Cumplir la ley en pruebas de verificación pre y post empleo: No es una "invitación", es una obligación patronal
En el mundo empresarial actual, la prisa por cubrir una vacante o la urgencia de resolver un problema de seguridad interna (como un fraude o un robo) a veces nubla el juicio de los líderes de seguridad y Gestión Humana. Con el argumento de "proteger los intereses de la compañía", es fácil caer en la tentación de tomar atajos.
Existe una peligrosa percepción errónea en el ámbito corporativo: creer que las leyes laborales y de protección de datos son simples "guías de buenas prácticas" o sugerencias que se pueden moldear según la necesidad del momento.
Queremos ser categóricos: el cumplimiento de las normativas vigentes para realizar pruebas de verificación (sean antecedentes, burós de crédito o polígrafos) no es una invitación cordial que el empleador pueda declinar; es una obligación legal estricta.
El peligro de la "buena intención" corporativa
Investigar a un candidato antes de contratarlo (pre-empleo) o evaluar a un colaborador actual durante una investigación interna (post-empleo) es completamente válido y legítimo. Las empresas tienen el derecho —y el deber— de proteger sus activos, a sus clientes y a su equipo.
Sin embargo, el fin no justifica los medios. Una investigación legítima se convierte en un delito o en una contingencia laboral millonaria en el momento en que se vulneran los derechos fundamentales del evaluado.
1. Fase Pre-Empleo: El filtro debe ser legal, no discriminatorio
Durante el proceso de reclutamiento, el empleador suele creer que tiene el control total. "Si quiere el trabajo, tiene que aceptar mis condiciones", es el pensamiento arcaico de algunos patronos.
Hacer pruebas de verificación en esta etapa requiere estricto apego a la ley por las siguientes razones:
- El consentimiento no es negociable: No puedes revisar redes sociales privadas, historiales crediticios o registros médicos ocultándote detrás del proceso de selección.
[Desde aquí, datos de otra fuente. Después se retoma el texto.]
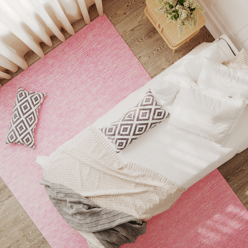 I de lyse farver pink, blå, turkis og gul fås "Alef"-tæppet til indendørs og udendørs brug som løber eller i en rektangulær form. Det er håndvævet af genanvendt PET og er derfor en miljøvenlig og stilfuld løsning til ethvert boligområde. Uanset om det er i køkkenet, på badeværelset, på terrassen eller altanen, er "Alef" kendetegnet ved sin alsidighed og holdbarhed. Tæppet er smudsafvisende, fnugfrit og særligt nemt at pleje takket være de bløde syntetiske fibre, hvilket gør det til den ideelle følgesvend for kæledyrsejere. Det giver ethvert rum, hvad enten det er indendørs eller udendørs, en behagelig og indbydende atmosfære. Oplev fordelene ved "Alef", og bring farve og komfort ind i dit hjem.

Todo requiere autorización expresa y firmada.
- La línea delgada de la discriminación: Solicitar pruebas de embarazo, pruebas de VIH o descartar automáticamente a un candidato idóneo solo por tener un récord crediticio afectado (sin que el puesto maneje dinero) viola las leyes laborales de la región y la propia Organización Internacional del Trabajo (OIT).
2. Fase Post-Empleo: El colaborador no pierde sus derechos constitucionales al firmar un contrato
Este es el terreno más resbaladizo. Cuando ocurre un incidente de seguridad interno, los ánimos se calientan y la urgencia presiona. Es aquí donde se cometen los errores más graves al implementar herramientas como la prueba poligráfica o la revisión de comunicaciones.
- La trampa de la obligatoriedad: Obligar a un empleado a someterse a un polígrafo bajo la amenaza de "si no lo haces, te despido" convierte la prueba en una coacción ilegal. Entidades como la Asociación Americana de Poligrafía (APA) y las legislaciones locales exigen la total voluntariedad.
- Vulneración del debido proceso: Si utilizas una prueba de verificación mal ejecutada, sin consentimiento o violando los protocolos de privacidad para despedir a alguien, el despido justificado se cae legalmente. El colaborador terminará ganando una demanda por despido injusto y la empresa tendrá que pagar indemnizaciones y salarios caídos.
Las consecuencias de tratar la ley como una "opción"
Cuando un empleador decide ignorar los límites legales de las verificaciones, se expone a tres riesgos críticos:
- Sanciones administrativas y multas: Las agencias de protección de datos y los Ministerios de Trabajo imponen penalizaciones económicas severas a las empresas que recolectan información de forma ilegal.
- Invalidez de las pruebas: Cualquier evidencia de robo o fraude obtenida violando los derechos del trabajador (por ejemplo, revisar su correspondencia personal sin autorización) será rechazada por los tribunales laborales y penales. El culpable podría quedar libre por un error de procedimiento de la empresa.
- Daño reputacional irreversible: En la era digital, una denuncia por abusos en procesos de selección o investigación interna se vuelve viral en minutos, destruyendo la marca empleadora de la compañía.
Conclusión: La legalidad es la mejor estrategia de seguridad
Hacer una buena contratación y mantener un ambiente seguro dentro de la organización no está peleado con la ley. Las herramientas de verificación son extraordinarias y altamente efectivas, siempre y cuando se ejecuten dentro del marco legal.
El cumplimiento normativo no ralentiza los procesos; al contrario, los blinda. Un empleador responsable sabe que la verdadera seguridad no nace de la coacción o el espionaje, sino de la transparencia, el respeto al derecho ajeno y el estricto cumplimiento de la ley.